## [Data shown]
<<<<
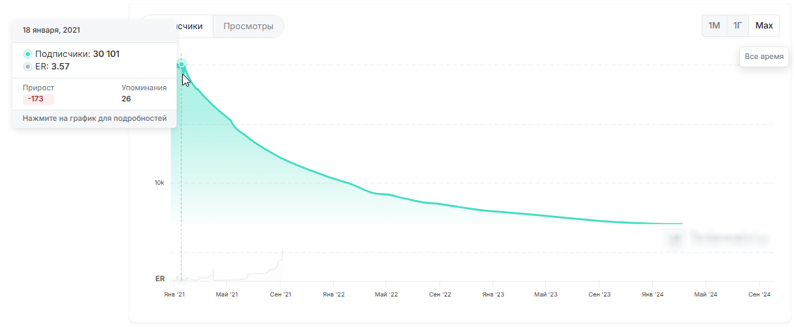 Статистика проекта есть в сети. Данные доступны за период с января 2021 года. В этот момент на канал было подписано 30 тысяч человек. Вовлеченность на уровне 3-4%. Показатели позволяют судить о накрутке. У проекта нет реальной аудитории. Понятно, почему администрация решила закрыть канал.
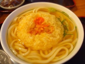 今でいうトッピングなしの素うどんを注文し、店のおばさんに頼んで「天かす」を入れて貰ったもので、小さな海老が入った、「海老天」は滅多に食べられなかった思い出が懐かしく、今でも時々食べに行く。
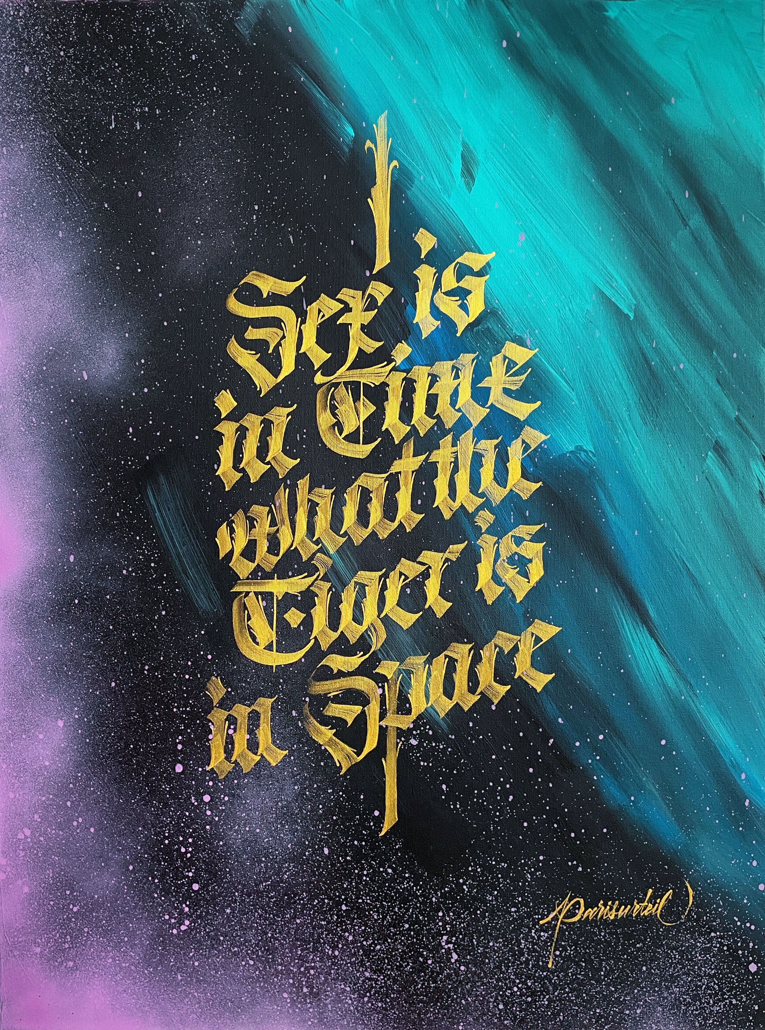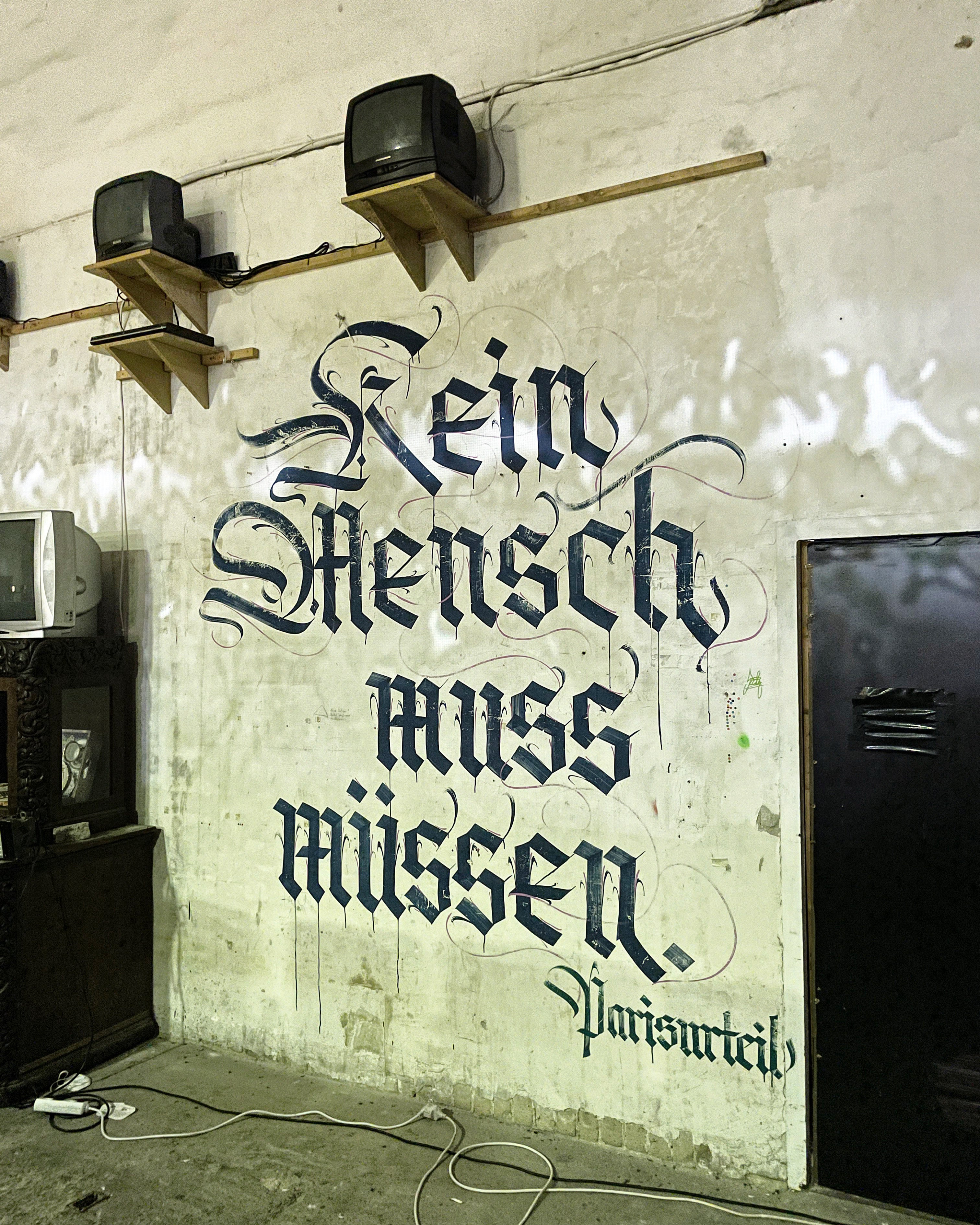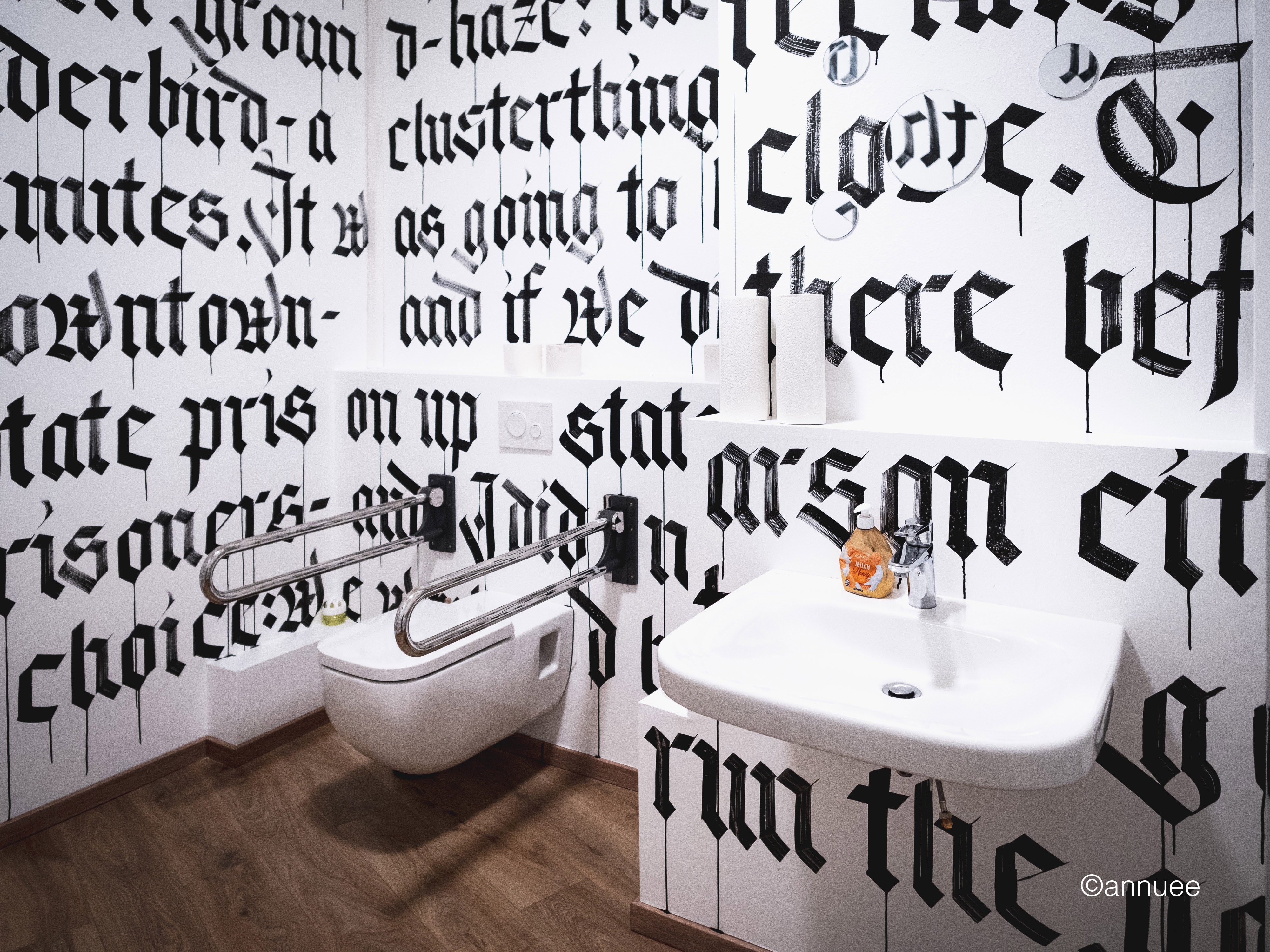Living in Berlin, the connection to urban art is pretty close. There are a lot of legal walls in this city, the urban art scene is huge and very welcoming. As calligraphy – at least broad-edged calligraphy – is pretty scalable, I quickly began writing on walls. I absolutely love the contrast between neatly and accurately writing on handmade ragged paper and going ballistic on a huge wall where color drips and flows everywhere. Both forms of calligraphy are absolutely fascinating to me.
>>>>
## [Assigned task]
Write out the data above in full and exactly, but without the pictures.

## [Final answer]
 Статистика проекта есть в сети. Данные доступны за период с января 2021 года. В этот момент на канал было подписано 30 тысяч человек. Вовлеченность на уровне 3-4%. Показатели позволяют судить о накрутке. У проекта нет реальной аудитории. Понятно, почему администрация решила закрыть канал.
 今でいうトッピングなしの素うどんを注文し、店のおばさんに頼んで「天かす」を入れて貰ったもので、小さな海老が入った、「海老天」は滅多に食べられなかった思い出が懐かしく、今でも時々食べに行く。
Living in Berlin, the connection to urban art is pretty close. There are a lot of legal walls in this city, the urban art scene is huge and very welcoming. As calligraphy – at least broad-edged calligraphy – is pretty scalable, I quickly began writing on walls. I absolutely love the contrast between neatly and accurately writing on handmade ragged paper and going ballistic on a huge wall where color drips and flows everywhere. Both forms of calligraphy are absolutely fascinating to me.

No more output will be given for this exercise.